En el libro explico que Mao es el fundador de la República Popular y el líder de la revolución, pero que tras su muerte Deng Xiaoping es el arquitecto de la modernización. La memoria de Mao está asociada al fin de la humillación colonial, a la victoria en la guerra civil y a la construcción de un Estado independiente. Sin embargo, su etapa incluye episodios dramáticos como el Gran Salto Adelante o la Revolución Cultural. Deng, en cambio, se asocia para la mayoría de la población al inicio del gran despegue.
Bajo el liderazgo de Deng China inicia la Reforma y la apertura, introduce la economía de mercado socialista, crea las primeras zonas económicas especiales, atrae inversión extranjera y abre la puerta a la industrialización masiva.
La información fragmentaria que llega a los españoles sobre la realidad china lleva a muchas personas a preguntarse si lo que existe en China es una socialdemocracia, un socialismo de mercado, un país capitalista… ¿Cómo podríamos definir el modelo chino? ¿Es un modelo comparable al de otros países?
Esta es una pregunta central del libro y a la que le dedico una gran importancia. Se describe la estructura económica actual, la transformación desde 1978 hasta 2024, la evolución del PIB por sectores, el empleo y la productividad. Y se entra de lleno en la cuestión que planteas: qué es exactamente la economía de mercado socialista china y en qué se diferencia de las economías capitalistas.
China es un país socialista y cuando se indica las características chinas se refiere al uso del mercado y de la planificación como herramientas del socialismo. Los objetivos sociales de bienestar están muy por encima de los objetivos y la práctica de la socialdemocracia europea, mientras que el papel de las empresas públicas, de la planificación económica y el papel del Partido Comunista, la diferencia claramente del capitalismo.
Animo a todas a profundizar en toda la información que el libro aporta para entender estos temas.
Hay datos incuestionables, que tú recoges en tu libro, que demuestran el crecimiento vertiginoso de China en diversos campos económicos y sociales. ¿Qué papel ha jugado y juega el Partido Comunista Chino en este crecimiento?
El papel del Partido Comunista de China es tan central que le dedico un capítulo específico. Sin el Partido, la secuencia histórica no se entiende. El PCCh ha sido el organizador de la transición desde una economía rural atrasada a una potencia industrial y tecnológica. Ha gestionado la política de población, ha impulsado la erradicación de la pobreza extrema mediante planes nacionales concretos, ha pilotado la gigantesca transformación industrial y energética y, al mismo tiempo, ha ido redefiniendo el marco institucional para adaptarse a los retos de cada etapa.

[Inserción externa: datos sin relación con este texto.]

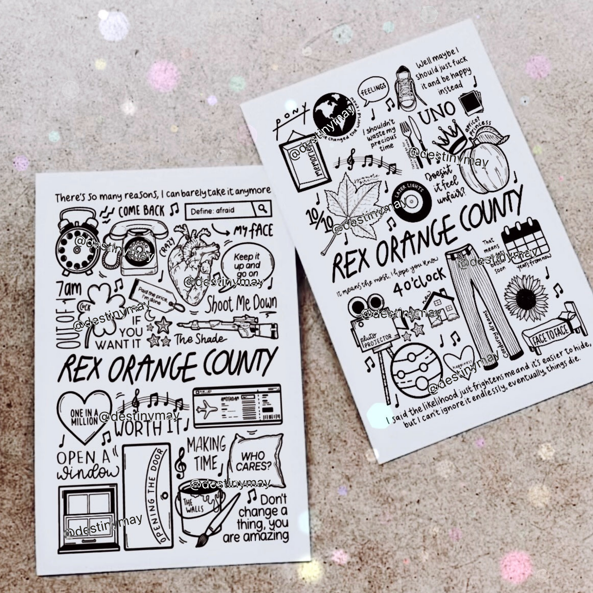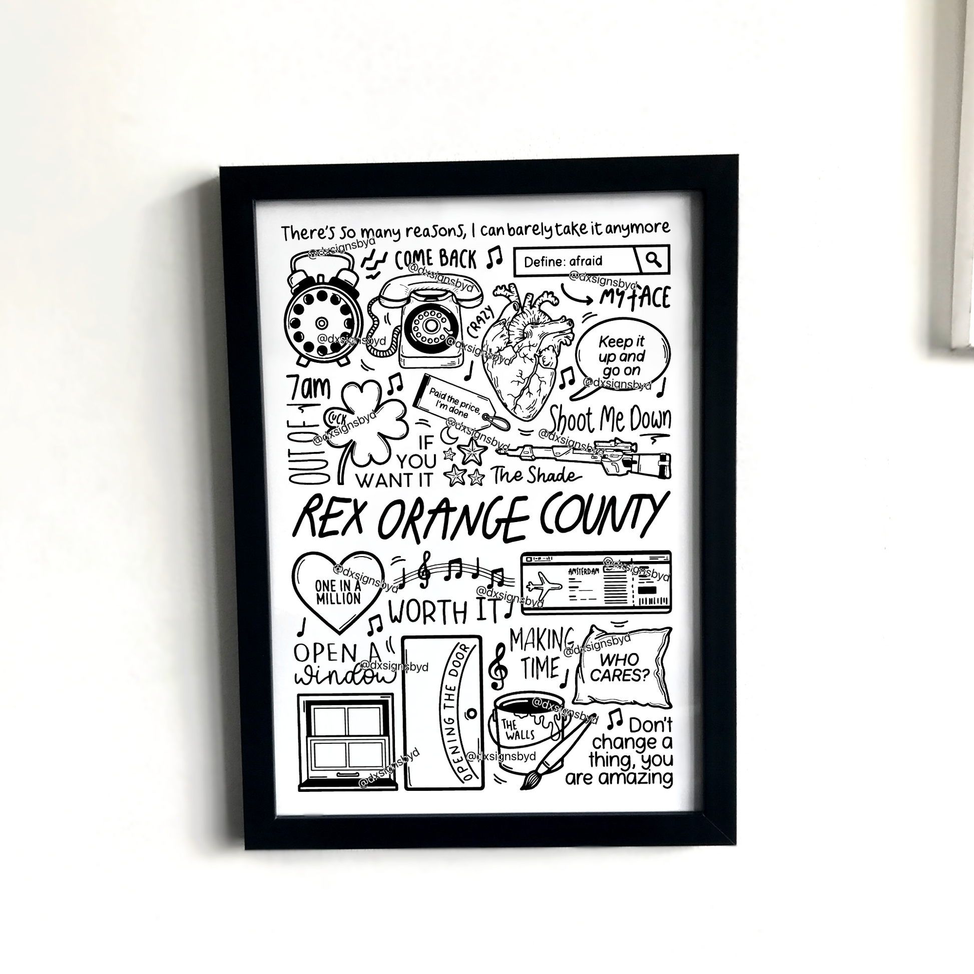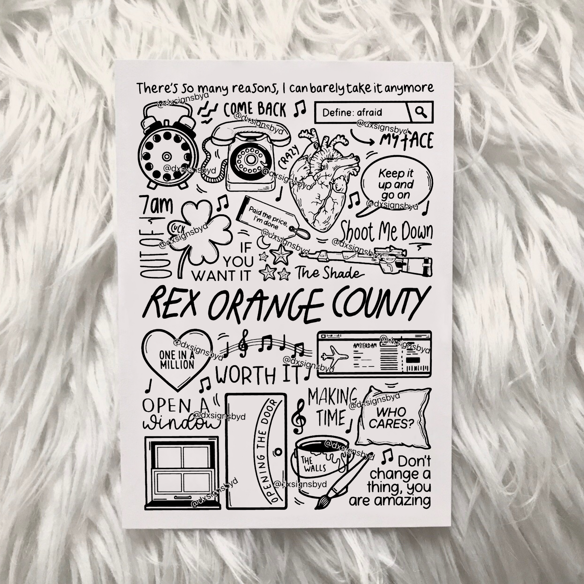 🎶Affiche de Rex Orange County qui comprend des images et des paroles de chansons de leur album WHO CARES ?

Es el artífice del crecimiento y mejora de las condiciones de vida, y el impulsor de los derechos políticos (reunión, expresión, manifestación, libertad de los partidos políticos) y de los derechos sociales (educación, sanidad, pensiones, seguridad frente a la pobreza). El PCCh ha sido, y sigue siendo, el centro de decisión que coordina la planificación a largo plazo, regula la economía de mercado socialista y responde a los desafíos externos, desde la guerra comercial hasta la guerra de los chips y la inteligencia artificial.
Una de las críticas que desde los países capitalistas de Europa se hace a China es calificar su política internacional como imperialista. En particular, su labor en los países del denominado Sur Global es valorada como una forma de expoliar sus recursos naturales. ¿Qué puedes decirnos con respecto a las relaciones China–Sur Global?
A esta cuestión le dedico buena parte del libro explicando el comercio exterior con los países de la Iniciativa de la Franja y la Ruta, abordando el compromiso de China con África y analizando la RCEP, que es un acuerdo regional fundamental en Asia-Pacífico. Además, en los apéndices sobre el FMI, el Banco Mundial y los BRICS se ve cómo el Sur Global busca nuevas herramientas para financiar su desarrollo.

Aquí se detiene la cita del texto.